Other green goners include the UN Collaborative Programme on Reducing Emissions from Deforestation and Forest Degradation in Developing Countries (REDD+), which funnels money to stop tree-chopping in the Third World; the Intergovernmental Science-Policy Platform on Biodiversity and Ecosystem Services, a biodiversity watchdog; the Renewable Energy Policy Network for the 21st Century, another renewables cheerleader; UN Energy, coordinating global energy sustainability; UN Oceans, meddling in marine environmental policy; the Inter-American Institute for Global Change Research, focused on regional climate studies; the International Union for Conservation of Nature, a nature preservation group; and the Secretariat of the Pacific Regional Environment Programme, handling Pacific eco-issues. Each one gets the boot for the same sins: inefficiency, threats to prosperity, and advancing agendas that tie American hands while ignoring our energy needs.
Beyond the Green Haze: The Broader Purge
While the climate crew steals the headlines, Trump’s sweepstakes include a smorgasbord of other international oddities, all deemed anti-American or just plain useless. The UN’s Economic and Social Council arms—like the Economic Commission for Africa or Asia-Pacific—get shown the door for promoting development schemes that smell like wealth redistribution. Peacebuilding outfits, such as the Peacebuilding Commission and Fund, are out because, let’s face it, America’s not in the business of funding endless UN therapy sessions for failed states.
Non-UN gems like the Global Forum on Migration and Development (migration meddlers) and the International Development Law Organization (lawyers gone global) are axed for similar reasons: they erode freedoms by pushing supranational rules that clash with our borders and laws. Even cultural curiosities, like the International Federation of Arts Councils and Culture Agencies, hit the skids—because who needs international bureaucrats deciding what’s art when we’ve got Hollywood?

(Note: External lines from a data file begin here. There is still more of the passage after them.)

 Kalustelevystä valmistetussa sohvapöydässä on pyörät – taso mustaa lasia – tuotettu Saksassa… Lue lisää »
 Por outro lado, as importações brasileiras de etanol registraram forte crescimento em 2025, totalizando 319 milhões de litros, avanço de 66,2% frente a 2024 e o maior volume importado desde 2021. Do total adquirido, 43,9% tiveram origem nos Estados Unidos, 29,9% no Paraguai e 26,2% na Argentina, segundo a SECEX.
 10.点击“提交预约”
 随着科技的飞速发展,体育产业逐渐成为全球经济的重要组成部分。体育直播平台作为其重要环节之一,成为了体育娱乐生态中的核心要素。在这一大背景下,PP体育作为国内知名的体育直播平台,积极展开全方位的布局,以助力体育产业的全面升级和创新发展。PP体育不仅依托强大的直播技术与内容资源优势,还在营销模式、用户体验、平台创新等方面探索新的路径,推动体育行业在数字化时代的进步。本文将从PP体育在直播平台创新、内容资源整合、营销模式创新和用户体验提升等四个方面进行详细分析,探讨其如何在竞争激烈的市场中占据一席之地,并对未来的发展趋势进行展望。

The common thread? These entities are seen as captured by globalist forces, wasting billions in U.S. funding—over $10 billion annually to the UN alone in recent years—while delivering zilch for the average Joe in Ohio. Trump’s move saves cash, restores sovereignty, and signals that America’s back in the driver’s seat, not hitchhiking on the global gravy train.
The America First Payoff: Jobs, Energy, and a Breath of Fresh Air
Pulling out isn’t isolationism; it’s pragmatism with a side of patriotism. By January 2026, with gas prices steady and manufacturing roaring, ditching these deals means unleashing American innovation without the drag of international red tape. No more funding “diversity” initiatives that prioritize pronouns over pipelines. Climate change? If it’s a problem, we’ll handle it our way— with fracking, nuclear, and whatever else keeps the lights on cheaply.

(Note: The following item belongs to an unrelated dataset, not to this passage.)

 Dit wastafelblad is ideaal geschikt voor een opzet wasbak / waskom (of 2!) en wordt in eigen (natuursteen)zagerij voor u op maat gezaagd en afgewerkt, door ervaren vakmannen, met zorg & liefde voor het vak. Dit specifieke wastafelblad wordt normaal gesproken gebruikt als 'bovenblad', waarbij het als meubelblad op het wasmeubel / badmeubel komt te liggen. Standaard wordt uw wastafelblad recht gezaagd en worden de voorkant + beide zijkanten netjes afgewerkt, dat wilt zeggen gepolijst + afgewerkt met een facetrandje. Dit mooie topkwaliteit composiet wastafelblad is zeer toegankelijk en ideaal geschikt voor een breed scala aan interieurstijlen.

Critics wail about diminished U.S. influence, but influence for what? Propping up treaties that let China emit freely while we tie ourselves in knots? Trump’s revelation here is simple: America thrives when it’s not subsidizing the world’s bureaucrats. This withdrawal is a fresh start, a declaration that our interests come first, last, and always. In the end, it’s not about hating the planet; it’s about loving America enough to say, “Thanks, but no thanks” to the global green guilt trip. And if that ruffles some feathers in Geneva, well, pass the popcorn.